◆ INSTRUCTIONS FOR THE TASK: The answer must consist solely of the lines from the one with "Elena Gamby jongliert" through the last line of the data, copied exactly, with no pictures.

◆ GIVEN DATA:
------------
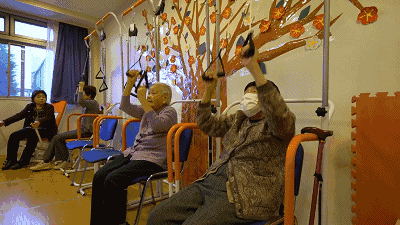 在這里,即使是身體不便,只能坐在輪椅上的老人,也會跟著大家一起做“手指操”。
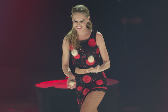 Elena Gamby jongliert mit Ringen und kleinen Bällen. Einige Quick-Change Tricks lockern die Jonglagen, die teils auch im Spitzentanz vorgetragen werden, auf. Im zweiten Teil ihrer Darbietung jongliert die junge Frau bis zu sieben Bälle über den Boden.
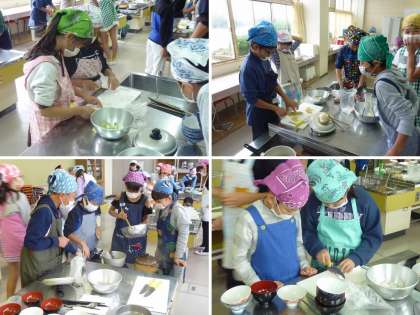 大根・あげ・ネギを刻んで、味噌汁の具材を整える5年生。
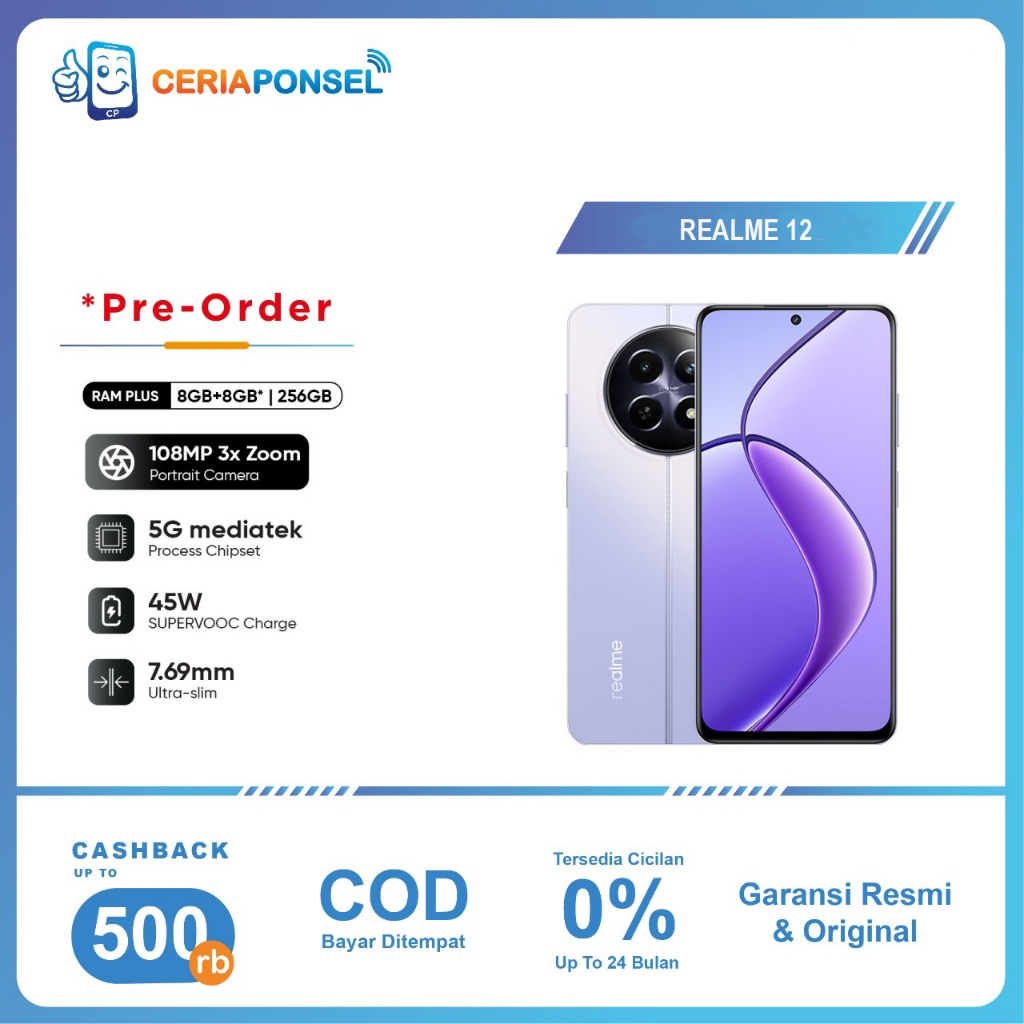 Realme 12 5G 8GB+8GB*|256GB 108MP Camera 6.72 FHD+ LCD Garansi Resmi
------------
◆ RESPONSE TO THIS TASK:
 Elena Gamby jongliert mit Ringen und kleinen Bällen. Einige Quick-Change Tricks lockern die Jonglagen, die teils auch im Spitzentanz vorgetragen werden, auf. Im zweiten Teil ihrer Darbietung jongliert die junge Frau bis zu sieben Bälle über den Boden.
 大根・あげ・ネギを刻んで、味噌汁の具材を整える5年生。
 Realme 12 5G 8GB+8GB*|256GB 108MP Camera 6.72 FHD+ LCD Garansi Resmi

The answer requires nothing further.